Output is displayed one screen of data at a time, and the user must hit the **ENTER** key to display the next screen.

The program prints illegal or unrecognizable instructions as DATA, printing them to the screen in the format ' xxxx    DATA    $YYYY'.

The program takes user input in ASCII format and converts the number to hexadecimal. For printing, it can also convert the output from Hexadecimal back to ASCII.

We used different modes of effective addressing including Data register Direct, Address Register Direct, Address Register Indirect, Immediate Data, Stack, Address Register post-increment, and many more.

The buffer we set in memory is filled with information as we get it, and then the opcode routine sends a good or bad flag to the I/O routine to print the appropriate buffer to the display.

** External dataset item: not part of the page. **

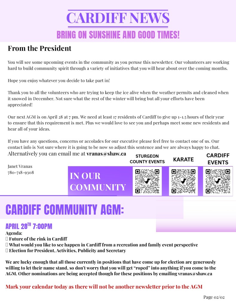 Cardiff Community Association; Enhancing the quality of life for family and residents of Cardiff, Alberta.
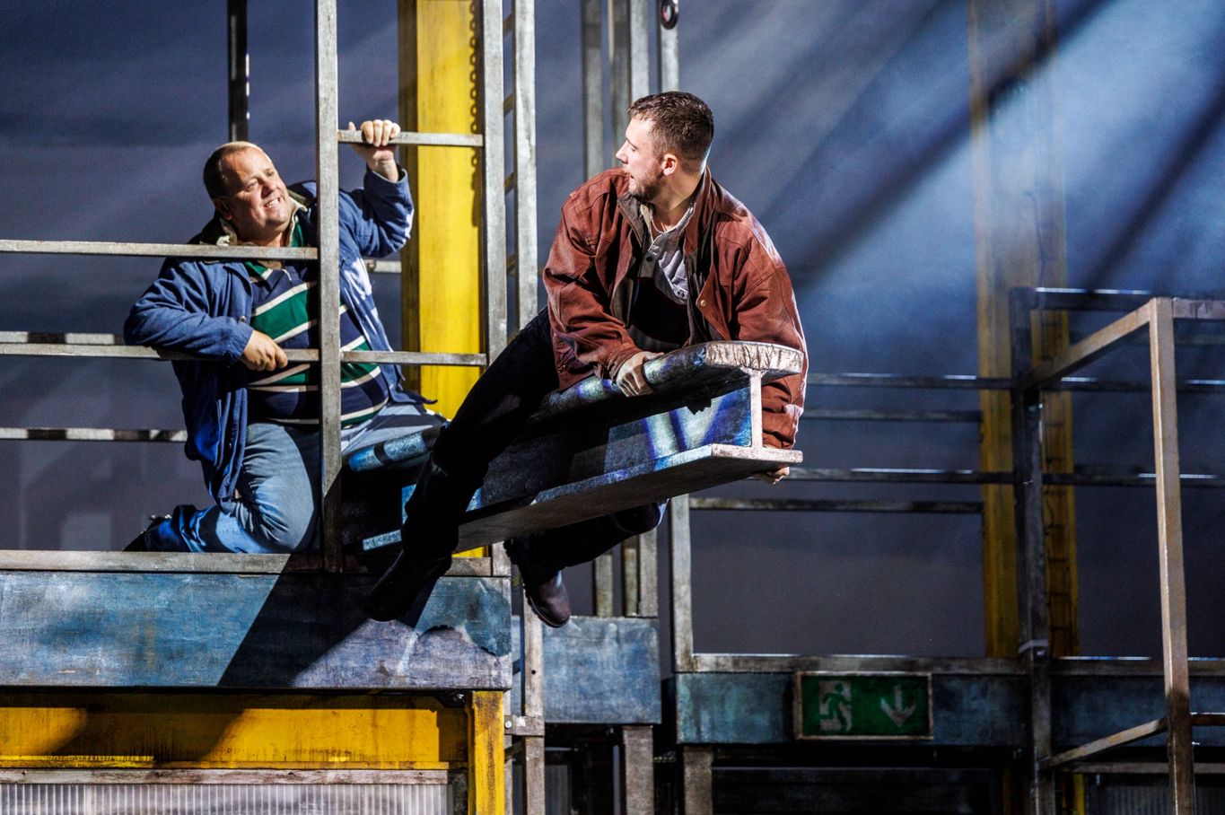 The staging by Jasmine Swan has an industrial feel, depicting the Sheffield landscape of the time. The large metal structure serves well to take us to many places throughout the show and is moved around by the cast with its own choreography, whilst many classic pop tunes blast out, including M People’s ‘One Night In Heaven’ and Chumbawamba’s ‘Tubthumping’.

On the opcodes front, we wanted, as much as possible, to avoid code duplication and "spaghetti code". To accomplish this, we felt that an in-depth understanding of the instruction set was required. Before writing any code, We made a list of every assigned opcode and identified the common elements within them. One example:

**ADD**

<ea>,Dn \* Two ways of ordering operands

Dn,<ea>

1101 reg oo(0,1) sz(00,01,10) effadd

The final list showed many opcodes with identical operands, suggesting that a set of common operand subroutines would be useful. To keep things orderly, we chose not to use jump tables, instead opting for a central set of subroutines driven by an array of InstructionInfo structs (arrays of words). The parent function, decodeInstruction(), loops through each struct, retrieves and applies constant and variable masks to the current instruction to identify opcodes, calls decodeSize() to print the size suffix, and jumps to a stored function pointer to decode the operands. Individual operand decoders invoke decodeEA() as-needed and leverage simple macros for printing registers.

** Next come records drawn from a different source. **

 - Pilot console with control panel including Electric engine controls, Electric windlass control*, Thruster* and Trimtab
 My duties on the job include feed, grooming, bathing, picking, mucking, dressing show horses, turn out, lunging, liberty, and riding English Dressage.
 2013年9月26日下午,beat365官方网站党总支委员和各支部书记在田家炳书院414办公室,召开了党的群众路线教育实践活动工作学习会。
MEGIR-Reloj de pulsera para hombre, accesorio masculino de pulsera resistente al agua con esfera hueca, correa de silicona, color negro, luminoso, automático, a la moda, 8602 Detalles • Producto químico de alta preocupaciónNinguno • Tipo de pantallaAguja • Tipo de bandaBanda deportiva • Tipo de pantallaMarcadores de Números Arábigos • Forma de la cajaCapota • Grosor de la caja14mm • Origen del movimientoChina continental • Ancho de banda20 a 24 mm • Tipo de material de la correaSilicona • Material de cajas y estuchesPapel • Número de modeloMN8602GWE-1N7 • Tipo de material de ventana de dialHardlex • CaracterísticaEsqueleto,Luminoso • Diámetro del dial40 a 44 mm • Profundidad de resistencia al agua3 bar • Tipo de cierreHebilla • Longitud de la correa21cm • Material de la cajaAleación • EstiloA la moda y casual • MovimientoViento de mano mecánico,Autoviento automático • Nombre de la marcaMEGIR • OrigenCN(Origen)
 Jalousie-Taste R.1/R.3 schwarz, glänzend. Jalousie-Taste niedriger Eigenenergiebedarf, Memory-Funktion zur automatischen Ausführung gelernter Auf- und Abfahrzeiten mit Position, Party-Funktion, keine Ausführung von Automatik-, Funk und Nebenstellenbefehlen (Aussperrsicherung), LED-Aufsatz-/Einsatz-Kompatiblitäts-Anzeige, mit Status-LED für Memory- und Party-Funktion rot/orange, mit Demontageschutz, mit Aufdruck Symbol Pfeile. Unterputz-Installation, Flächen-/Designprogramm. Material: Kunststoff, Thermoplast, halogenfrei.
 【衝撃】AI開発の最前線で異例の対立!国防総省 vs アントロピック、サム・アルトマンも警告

This design contained a few interesting elements. One was a technique that used the position of bits in a word to encode the valid ranges for a variable mask. This range was used to disambiguate between two instructions where the only difference might be, for example, the two bits that encoded the valid size. In this encoding, a '1' at bit position 0 meant that 0 was a valid value, and so on. Another useful technique was directly mapping the size bits of an instruction to indices in an array of strings. This allowed us to simply define one string pointer array per equivalence class and store a pointer to that array in the associated struct. It also enabled the decodeSize()implementation to be very simple, as its only job was to jump to an offset in the string array, using the size code as the offset.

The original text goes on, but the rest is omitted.